Et sur la scène locale ?

 

Ce choix a notamment été dicté par le caractère chronophage des mandats politiques. L’ancienne députée socialiste veut aujourd’hui consacrer son temps à sa famille et à ses petits-enfants. «Avec tous ces rendez-vous et les représentations, j’en avais un peu assez de jongler», image encore celle qui n’exclut toutefois pas de faire son retour au Conseil général de sa commune dans un avenir pas trop lointain.

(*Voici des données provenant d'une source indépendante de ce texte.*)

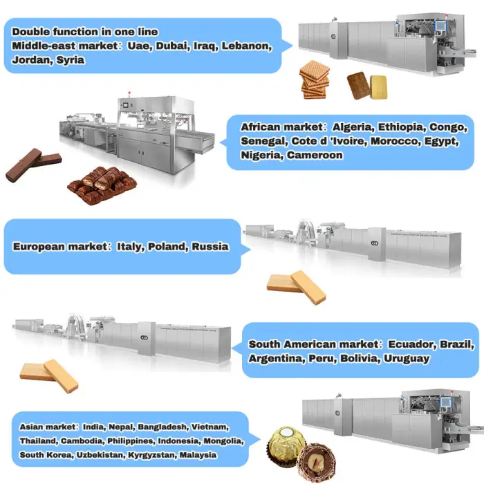 The machine is specifically designed for the confectionery industry, making it ideal for businesses focused on producing wafer biscuits and snacks.
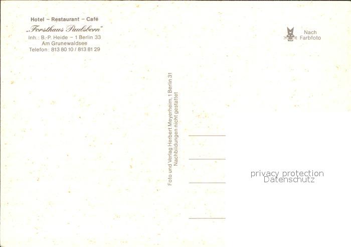 72518902 BERLIN CITY Grunewald Hotel Restaurant Cafe Forsthaus Paulsborn postalisch nicht gelaufen Erhaltung siehe scans KatCode: 11110011000000
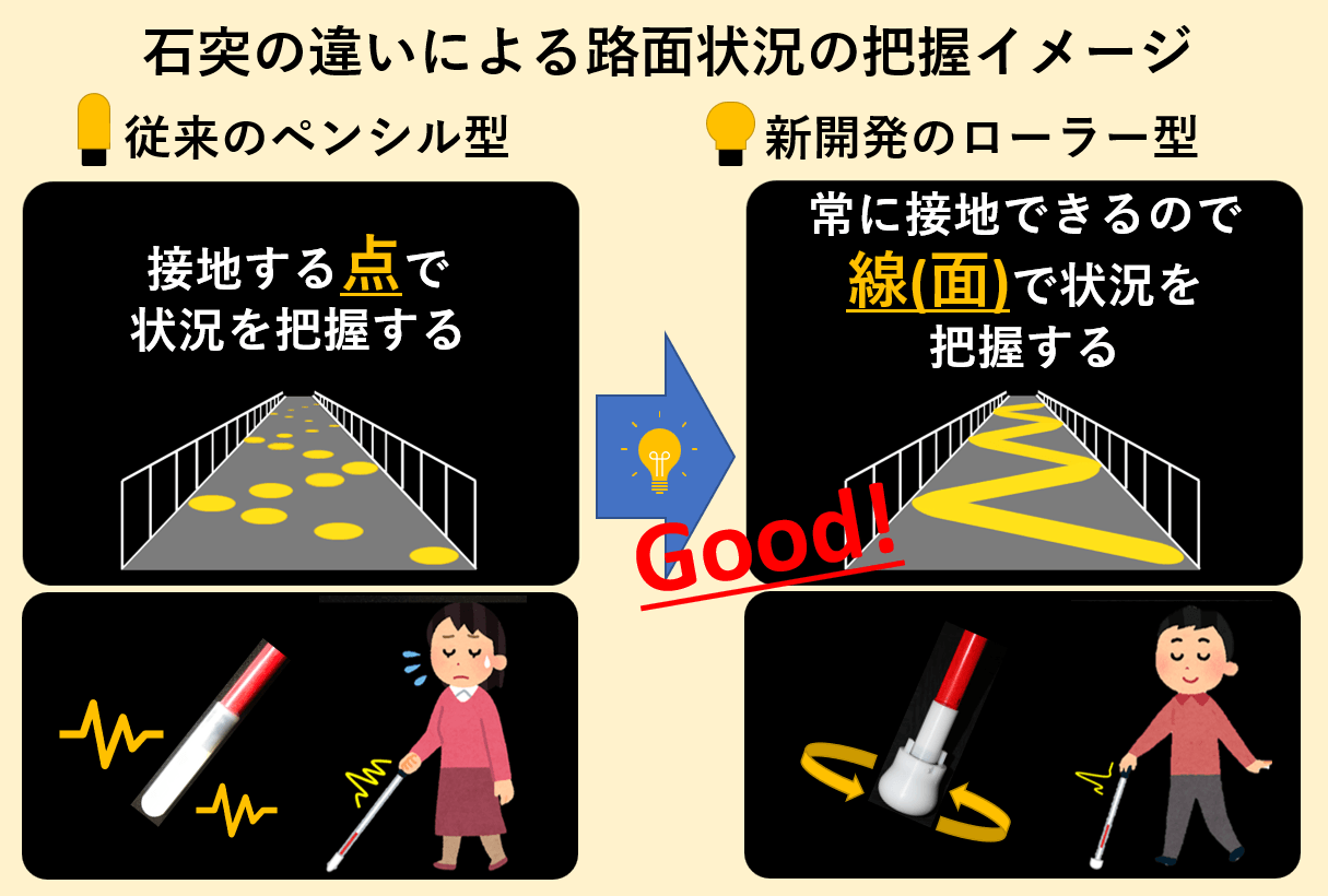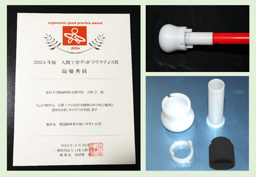 特別支援学校の吉岡 学(よしおか まなぶ)教諭が、自らの研究から視覚障がいのある人が使用する白杖の先っぽ「石突(いしづき)」を開発しました。視覚障がいのある子どもたちは白杖歩行の練習をしますが、従来の石突がついた白杖では歩くことにも大きな不安があります。今回の新開発の石突は、路面状況の把握が優れおり「歩くのが楽しい」とテスト使用した子どもたちからの感想があります。
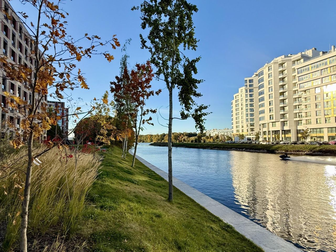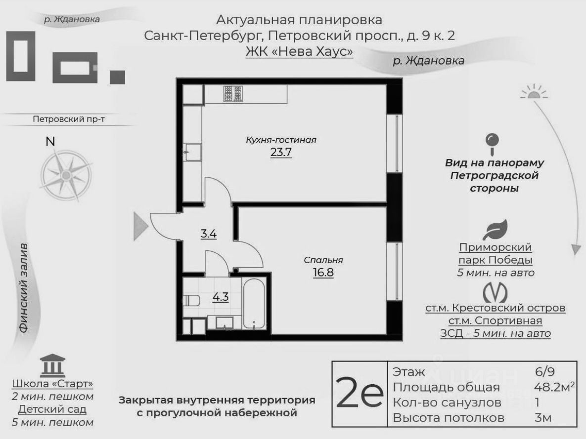 В ЖК закрытая от посторонних территория с собственной набережной, пирс, детские площадки с современным оборудованием, ресторан Лодочная станция для встречи закатов у воды, рядом школа, кофейни, салоны, винные лавки, магазины, аптеки и все самое необходимое. В пешей доступности Петровский парк, благоустроенный сад им. Савиной, популярные Приморский парк Победы и Елагин остров. Также в ближайшем окружении спортивные объекты, а до центра города всего 5 минут на авто. До аэропорта Пулково 20 минут езды.

Durant sa carrière politique, Ginette Duvoisin a non seulement représenté le Nord vaudois au Grand Conseil, mais elle s’est également investie au niveau de la direction de la section cantonale du Parti socialiste (PS). Aujourd’hui, elle occupe encore le poste de vice-présidente du PS Vaud. «Mais plus pour longtemps, assure-t-elle. J’ai déjà annoncé que, lors du prochain renouvellement des instances directrices, en avril 2018, je ne me représenterai pas.» Plus active, mais toujours passionnée, Ginette Duvoisin continuera à s’intéresser de près à la chose politique.